Sara J. Iverson1,*, Kathryn J. Frost2, Shelley L. C. Lang1

1Department of Biology, Dalhousie University, 1355 Oxford St., Halifax, Nova Scotia B3H 4J1, Canada
2Alaska Department of Fish and Game, Division of Wildlife Conservation, 1300 College Road, Fairbanks, Alaska 99701, USA

ABSTRACT: We determined the fat content and fatty acid composition of 26 species of fish and invertebrates (n = 1153) that are primary forage species of piscivorous seabirds and marine mammals in Prince William Sound (PWS), Alaska. Flatfish, shrimps and octopus had the lowest average fat contents (~1.0%), although some cods, as well as juvenile walleye pollock Theragra chalcogramma, Pacific herring Clupea harengus pallasi and pink salmon Oncorhynchus gorbuscha also ranged as low as 0.5 to 0.7% fat. The highest fat contents were found in eulachon Thaleichthys pacificus (25%), adult herring (21%) and the squid Berrytheuthis magister (5 to 13%). Within species, fat content varied mostly with season, but also with size. Fatty acid signatures generally distinguished forage species, with up to 95% of individuals correctly classified using either discriminant or classification and regression tree (CART) analyses. Discriminant plots provided insight into the relationships between fatty acid signatures of different species.
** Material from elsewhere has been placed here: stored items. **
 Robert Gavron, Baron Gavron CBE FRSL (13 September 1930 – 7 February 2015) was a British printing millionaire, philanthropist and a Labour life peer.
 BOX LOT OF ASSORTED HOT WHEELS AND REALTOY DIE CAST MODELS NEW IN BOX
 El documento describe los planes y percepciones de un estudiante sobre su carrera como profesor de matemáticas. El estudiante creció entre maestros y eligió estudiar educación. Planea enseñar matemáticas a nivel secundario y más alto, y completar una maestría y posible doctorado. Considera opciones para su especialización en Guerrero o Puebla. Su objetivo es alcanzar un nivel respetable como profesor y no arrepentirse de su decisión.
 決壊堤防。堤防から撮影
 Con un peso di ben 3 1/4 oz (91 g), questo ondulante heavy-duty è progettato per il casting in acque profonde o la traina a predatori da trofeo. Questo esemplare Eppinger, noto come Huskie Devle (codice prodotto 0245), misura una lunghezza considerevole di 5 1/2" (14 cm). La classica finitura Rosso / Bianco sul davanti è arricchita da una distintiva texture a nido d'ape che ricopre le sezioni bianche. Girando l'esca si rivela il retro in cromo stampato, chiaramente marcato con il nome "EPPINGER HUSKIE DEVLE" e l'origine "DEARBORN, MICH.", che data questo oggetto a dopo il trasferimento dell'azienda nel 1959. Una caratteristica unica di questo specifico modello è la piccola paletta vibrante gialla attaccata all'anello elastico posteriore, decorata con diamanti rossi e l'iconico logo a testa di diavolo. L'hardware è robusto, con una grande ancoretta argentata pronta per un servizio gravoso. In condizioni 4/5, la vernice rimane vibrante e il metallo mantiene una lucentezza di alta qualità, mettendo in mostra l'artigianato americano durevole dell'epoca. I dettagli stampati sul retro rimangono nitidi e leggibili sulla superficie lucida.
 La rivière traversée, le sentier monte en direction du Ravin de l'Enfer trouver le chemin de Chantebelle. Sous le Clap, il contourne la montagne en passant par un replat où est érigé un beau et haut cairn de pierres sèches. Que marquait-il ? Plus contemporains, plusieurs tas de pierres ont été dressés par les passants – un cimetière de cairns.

Species with similar life histories and diets clustered closer together, while those with the greatest differences in ecology differed most in their fatty acid patterns. Within some species, changes in fatty acid signatures were apparent with increasing size and were consistent with known dietary shifts reported from stomach contents analyses. Furthermore, fatty acid signatures of Age 0 (yr) pollock and herring in PWS were consistent with previous stomach contents analysis that indicated annual differences in the timing of dietary changes from eating zooplankton to piscivory. Overall, when size/age classes were taken into account, species classification using fatty acid signatures was improved. Our findings have important implications for evaluating diets and food web interactions of fish stocks, as well as at higher trophic levels. Despite individual variation within species, our results indicate that fatty acid signatures accurately characterize forage species in this ecosystem, and consequently can be used to study and perhaps estimate the species composition of diets of their predators.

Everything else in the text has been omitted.